EXERCISE INSTRUCTIONS — Please write out the lines of the data exactly, beginning with the first and ending with the line containing "El índice de"; leave the pictures behind.

DATASET SECTION —
..............................
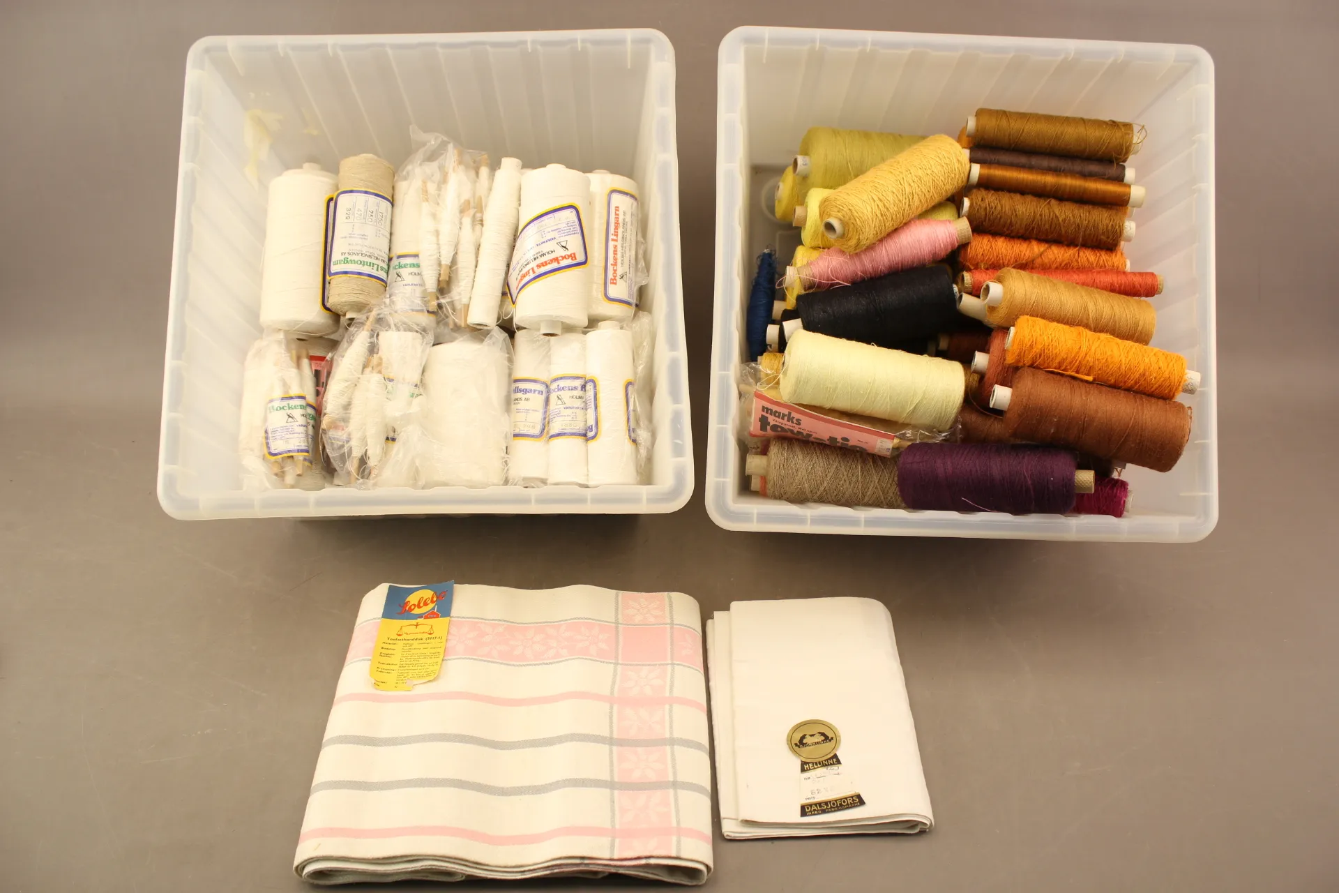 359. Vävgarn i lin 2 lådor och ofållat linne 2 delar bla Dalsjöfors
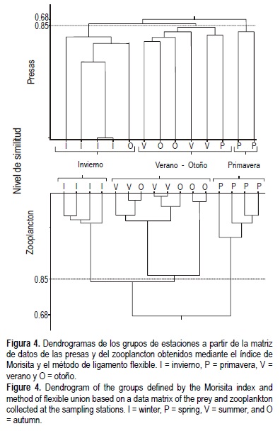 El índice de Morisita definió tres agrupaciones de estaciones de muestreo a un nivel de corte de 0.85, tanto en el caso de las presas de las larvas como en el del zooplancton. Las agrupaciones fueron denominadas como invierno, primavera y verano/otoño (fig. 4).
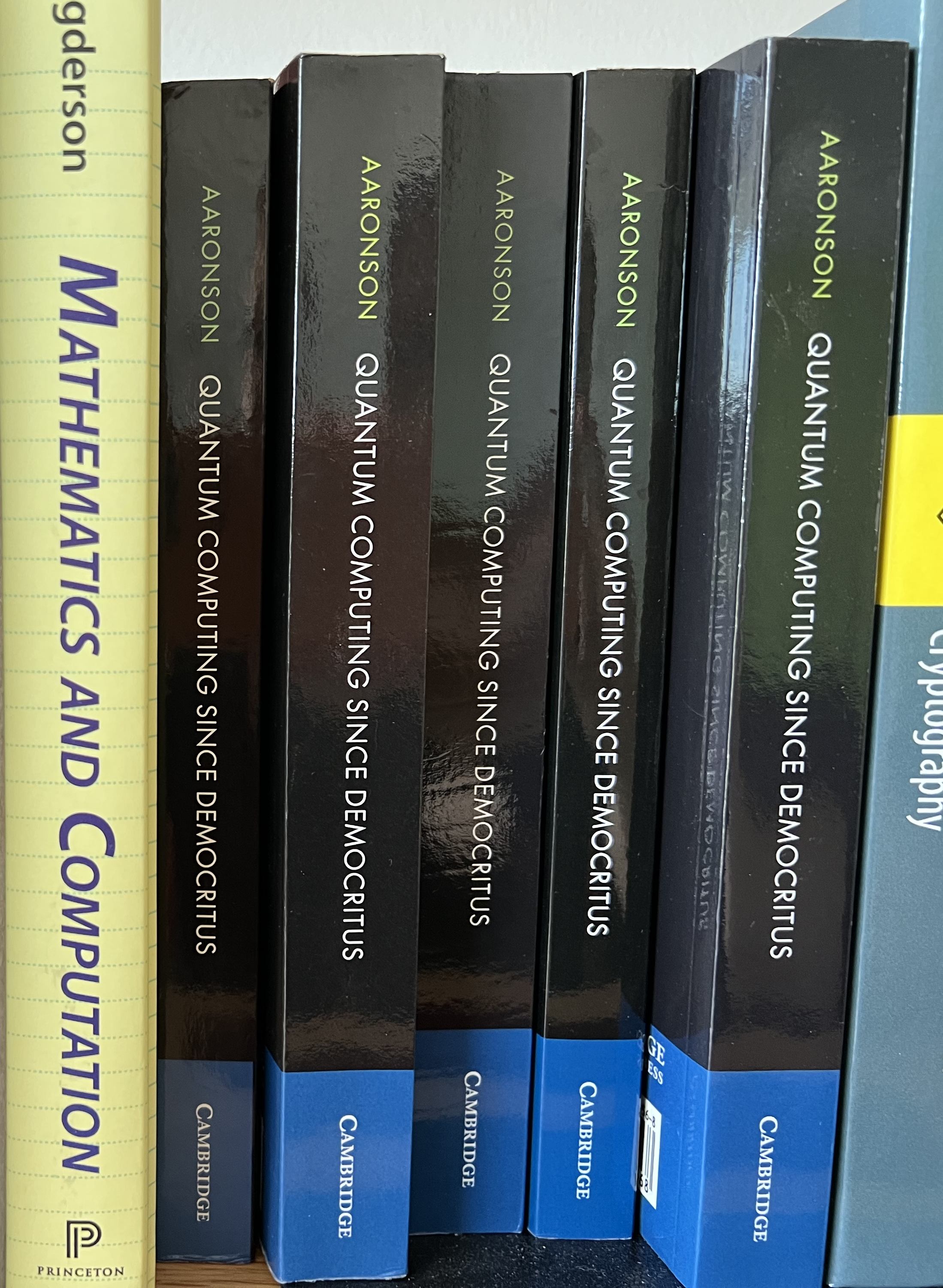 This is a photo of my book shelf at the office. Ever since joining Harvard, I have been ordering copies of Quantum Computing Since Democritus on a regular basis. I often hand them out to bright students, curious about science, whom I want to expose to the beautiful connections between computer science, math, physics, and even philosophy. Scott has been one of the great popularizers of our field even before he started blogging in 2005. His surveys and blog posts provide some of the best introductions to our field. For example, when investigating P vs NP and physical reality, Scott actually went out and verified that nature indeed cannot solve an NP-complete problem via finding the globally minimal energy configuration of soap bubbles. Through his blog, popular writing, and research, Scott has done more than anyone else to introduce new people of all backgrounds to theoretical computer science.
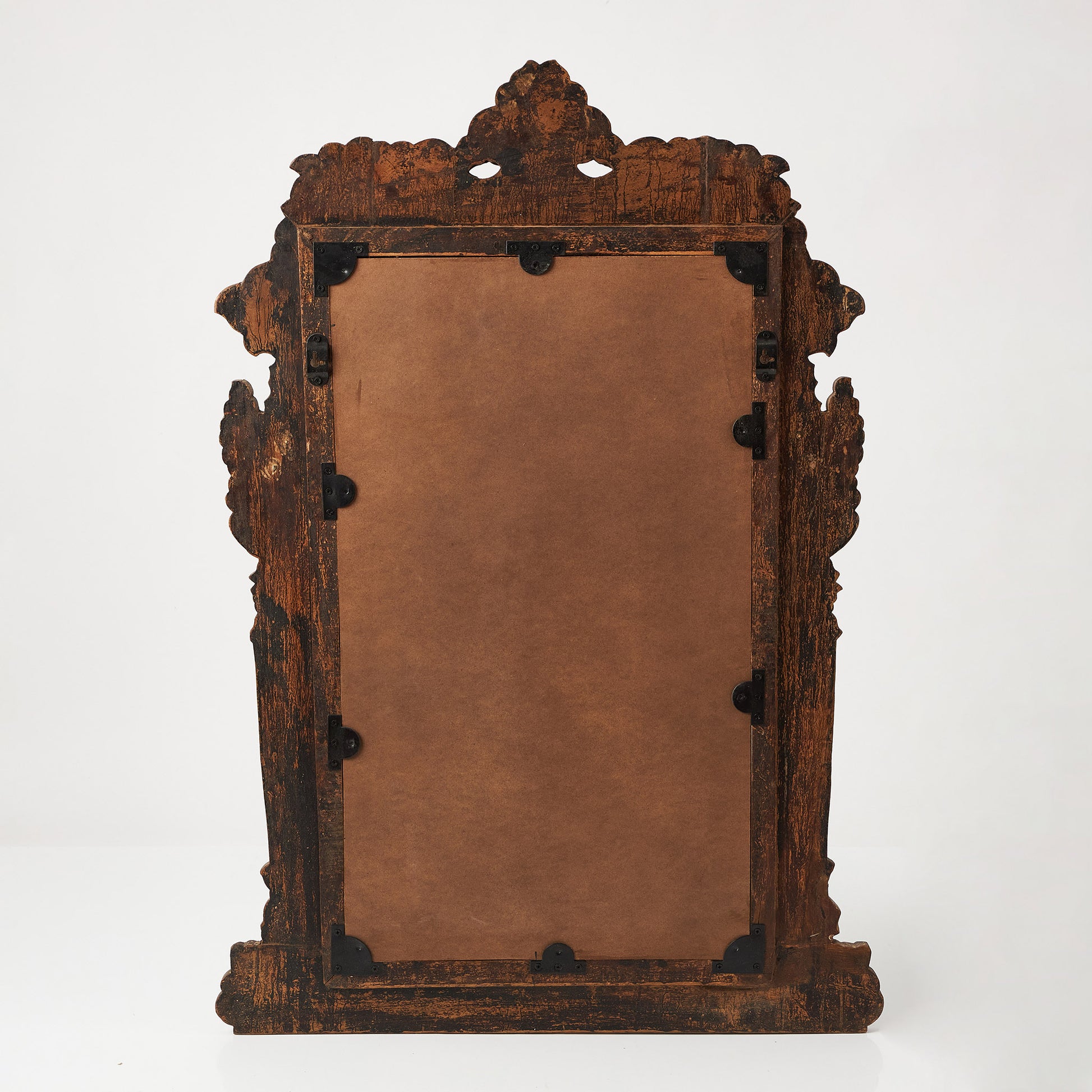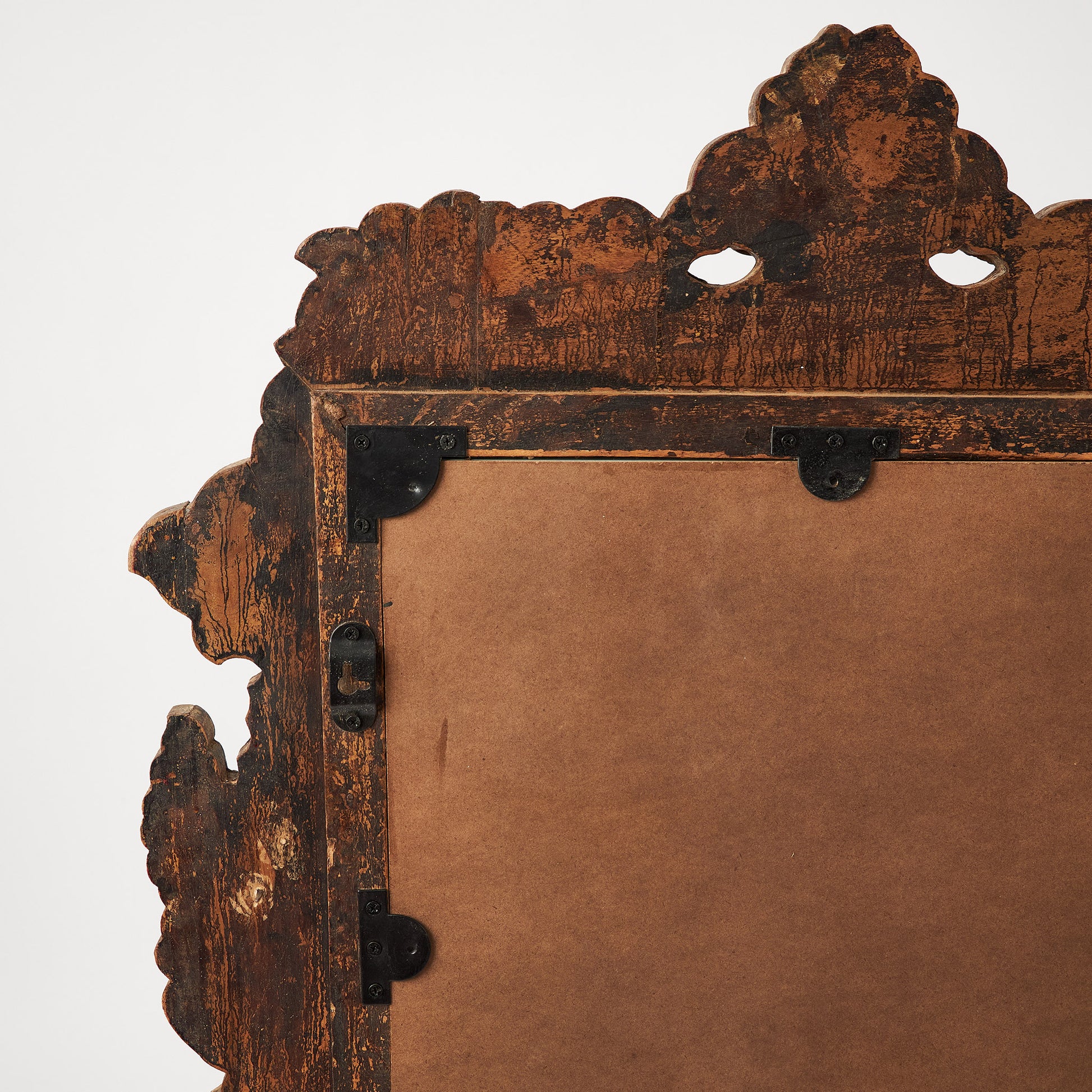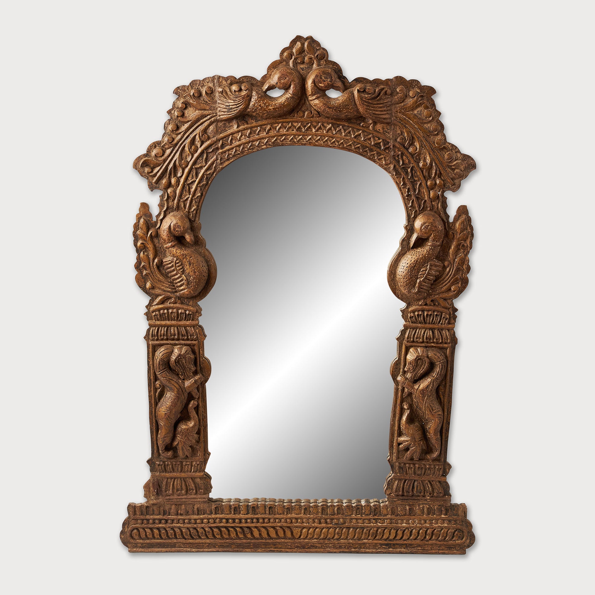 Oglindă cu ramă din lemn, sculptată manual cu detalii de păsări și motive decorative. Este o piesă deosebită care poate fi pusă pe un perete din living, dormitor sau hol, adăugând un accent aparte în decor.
..............................
PROBLEM SOLUTION —
 359. Vävgarn i lin 2 lådor och ofållat linne 2 delar bla Dalsjöfors
 El índice de Morisita definió tres agrupaciones de estaciones de muestreo a un nivel de corte de 0.85, tanto en el caso de las presas de las larvas como en el del zooplancton. Las agrupaciones fueron denominadas como invierno, primavera y verano/otoño (fig. 4).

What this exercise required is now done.